Provided further that the Director-General shall report the facts of each case immediately to the Central Government and all such orders of suspension shall become ab initio void unless confirmed by the Central Government within a period of one month from the date of the said orders, irrespective of the fact that the suspension is revoked by the said authority within that period.]

(2) A member of the Force shall be deemed to have been placed under suspension by an order of the appointing authority—

(i) with effect from the date of his detention by civil police on a criminal charge or otherwise for a period exceeding 48 hours; or

(ii) with effect from the date of his conviction by a Civil Court on a criminal charge, if the sentence awarded is imprisonment for a term exceeding 48 hours.

(3) An order of suspension made or deemed to have been made under this rule shall continue to remain in force until it is modified or revoked by the authority competent to do so.

(4) An order of suspension made or deemed to have been made under this rule, may at any time, be modified or revoked, by the authority which made the order or by any authority to which that authority is subordinate.

(5) When a person remains under suspension for more than 90 days, a report giving reasons for delay in the finalisation of his case shall be submitted to the Director-General by the Commandant of the accused, and thereafter, subsequent reports shall be submitted every month till the case is finalised or the order of suspension is revoked, whichever is earlier.]

CHAPTER VI

Choice Of Jurisdiction Between Security Force Court And Criminal Court

  1. Trial of cases either by Security Force Court or Criminal Court.—(1) Where an offence is triable, both by a Criminal Court and a Security Force Court, an officer referred to in section 80 may,—

(i)(a) where the offence is committed by the accused in the course of the performance of his duty as a member of the Force; or

(b) where the offence is committed in relation to property belonging to the Government or the Force or a person subject to the Act; or

(c) where the offence is committed against a person subject to the Act, direct that any person subject to the Act, who is alleged to have committed such an offence, be tried by a Court, and

(ii) in any other case, decide whether or not it would be necessary in the interests of discipline to claim for trial by a Court any person subject to the Act who is alleged to have committed such an offence.

(2) In taking a decision to claim an offender for trial by a Court, an officer referred to in section 80 may take into account all or any of the following factors, namely:—

(a) the offender is on active duty or has been warned for active duty and it is felt that he is trying to avoid such duty;

(b) the offender is a young person undergoing training and the offence is not a serious one and the trial of the offender by a Criminal Court would materially affect his training;

(c) the offender can, in view of the nature of the case, be dealt with summarily under the Act.
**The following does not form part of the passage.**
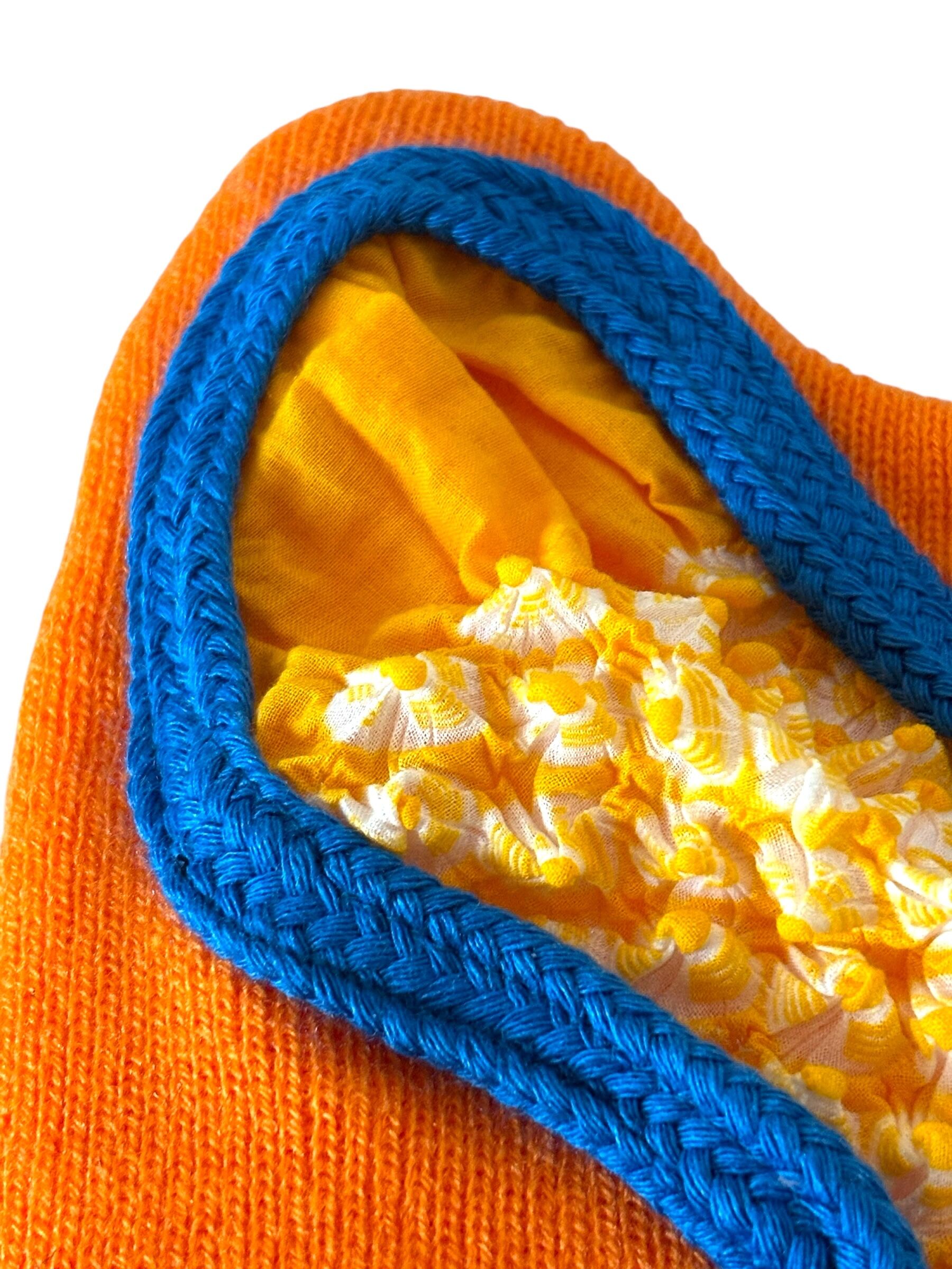 このお花モチーフは、東京のSHIBUYAを中心に大活躍されるとってもイカしたDJの方に浴衣を作らせてら頂いた時に誕生しました。DJのおしごとは、音楽を上手に繋いでフロアのグルーヴをつくる事!そんな楽しいvibesをシケらせないように、ポップでダンサブルな浴衣にしたくてイメージしていた時、このお花は生まれました!

  1. Cases not to be tried by Security Force Court .—Without prejudice to the provisions of rule 41, an offender may not be claimed for trial by a Security Force Court—

(a) where the offence is committed by him alongwith any other person not subject to the Act whose identity is known; or

(b) where the offence is committed by him while on leave or during absence without leave.

CHAPTER VII

Investigation And Summary Disposal

  1. Offence report .—Where it is alleged that a person subject to the Act [other than an officer or a subordinate officer]has committed an offence punishable thereunder the allegation shall be reduced to writing in the form set out in Appendix IV.

[44. Charge-sheet .—Where it is alleged that an officer or a subordinate officer has committed an offence punishable under the Act, the allegation shall be reduced to writing in the form set out in Appendix VI.]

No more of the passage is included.